RFR: 8265473: Move os::Linux to its own header file [v4]

Thomas Stuefe stuefe at openjdk.org
Mon Jul 11 04:49:41 UTC 2022


On Sat, 9 Jul 2022 23:27:31 GMT, Ioi Lam <iklam at openjdk.org> wrote:

>> Another step of moving unnecessary stuff outside of os.hpp
>> 
>> The `os::Linux` class is used only by the Linux-specific code in HotSpot. Therefore, it should be moved outside of os.hpp, which is used by platform-independent code.
>> 
>> I don't have a good name for the new header. `os_linux.hpp` would have been a good name, but that's already taken, so I am settling on os_linux.impl.hpp. Suggestions are welcome.
>
> Ioi Lam has updated the pull request incrementally with one additional commit since the last revision:
> 
>   renamed to os_linux_impl.hpp

Interesting about forward-declaring nested classes, did not know that is possible.

I think what you are trying to do - disentangling the interface and removing platform-dependent stuff - is really useful. I even think a lot of the platform-dependent stuff does not even need to appear in any header, local static functions in os_xxx.cpp would have been fine.

I propose a slightly alternative way for this though. How about making `os` a real namespace? That's what AllStatic tries to be anyway. It's only a class because namespaces did not exist when it was introduced.

In contrast to a class you can extend namespaces. Whereas a class must be always complete.

You could have:

os.hpp

namespace os {
  ..
  // Return the default page size.
  static int    vm_page_size();
  .. // many more
}


os_linux.hpp

namespace os {
  namespace Linux {
    ...
     void print_process_memory_info(outputStream* st);
     void print_system_memory_info(outputStream* st);
   ...
  }
}


Compilation units just needing the generic part can include `os.hpp` and be done with it. os_linux.cpp would include both os.hpp and os_linux.hpp. 

As a bonus, we can remove those awkward injections of class definitions into the middle of class os. The os_xxx.hpp headers then would become standard headers, includable on their own.

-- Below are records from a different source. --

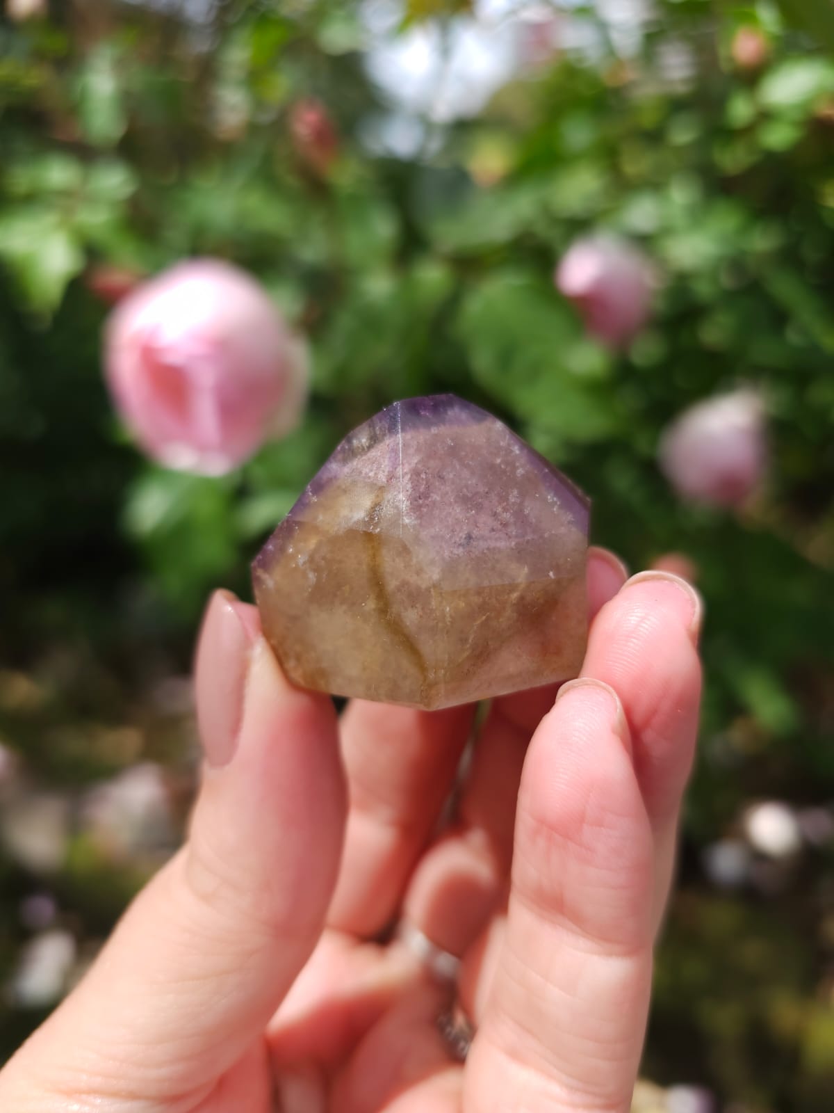 Uma mistura de cristais incluindo de forma alternada Fumê, Citrino e Quartzo Incolor, recebendo uma capa de Ametista gerando uma energia de altíssima vibração✨
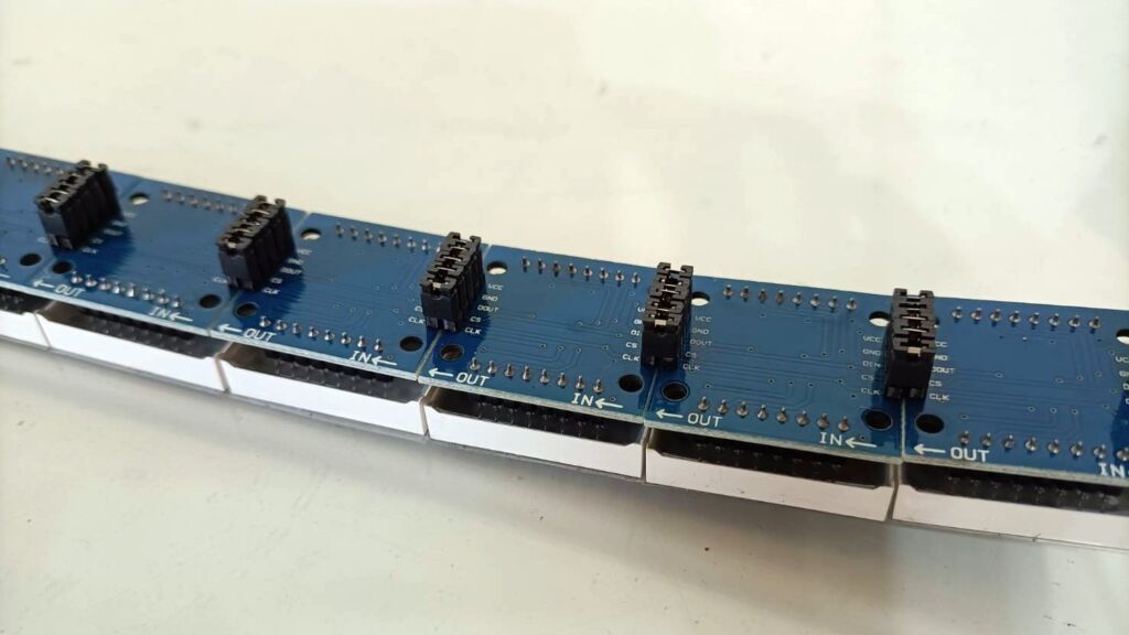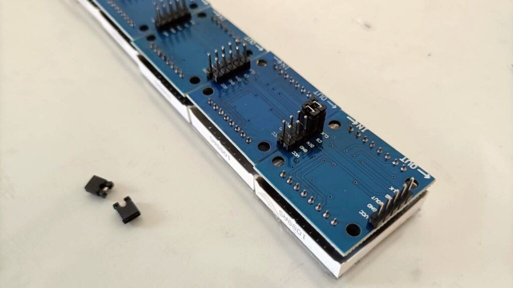 接著以跳線帽(Jumper)串接數個 8*8 顯示器。
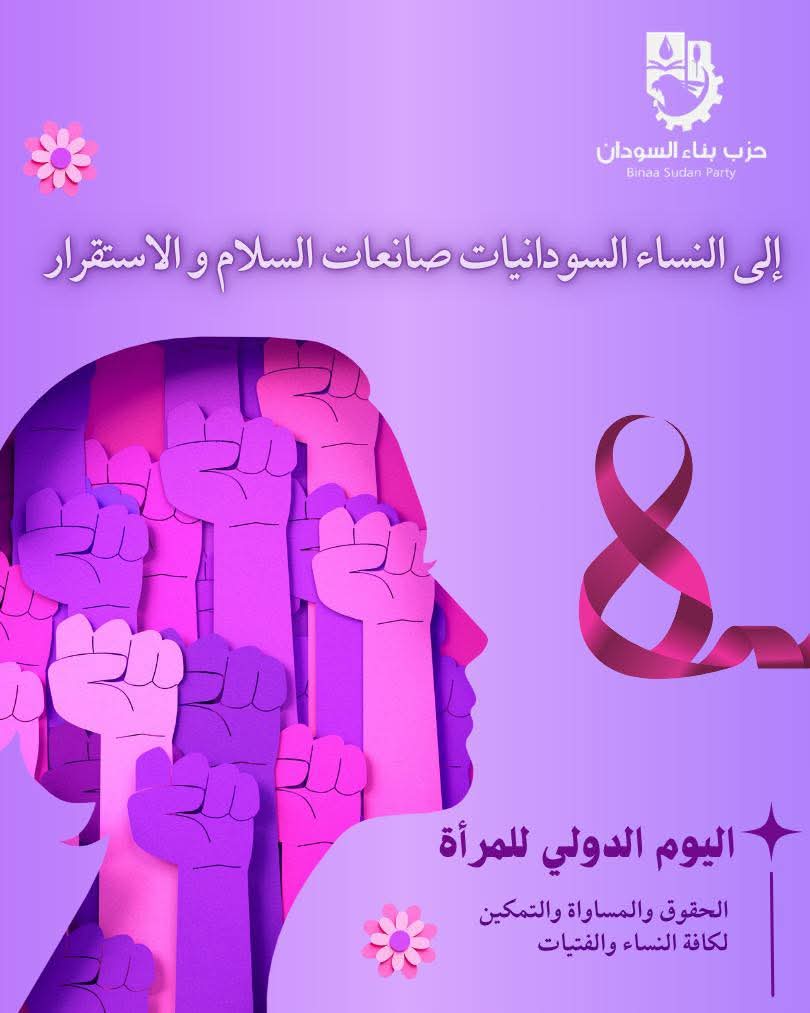 في هذا اليوم العالمي للمرأة، نُجدد التزامنا بالعمل من أجل سودان يكون للمرأة فيه دورها المستحق في القيادة وصناعة القرار. كل عام وأنتن أقوى، وأكثر إصرارًا، وأعمق تأثيرًا.

We would loose the ability to make os:: functions private in the interface. But that can be solved by moving them into their own header. Or really taking a good look - why would private members have to appear in a public interface?

I realize that this would be a bigger change than what you have planned, but I think that this way would be the standard way to organize an interface like this, easier to understand and to maintain. What do you think?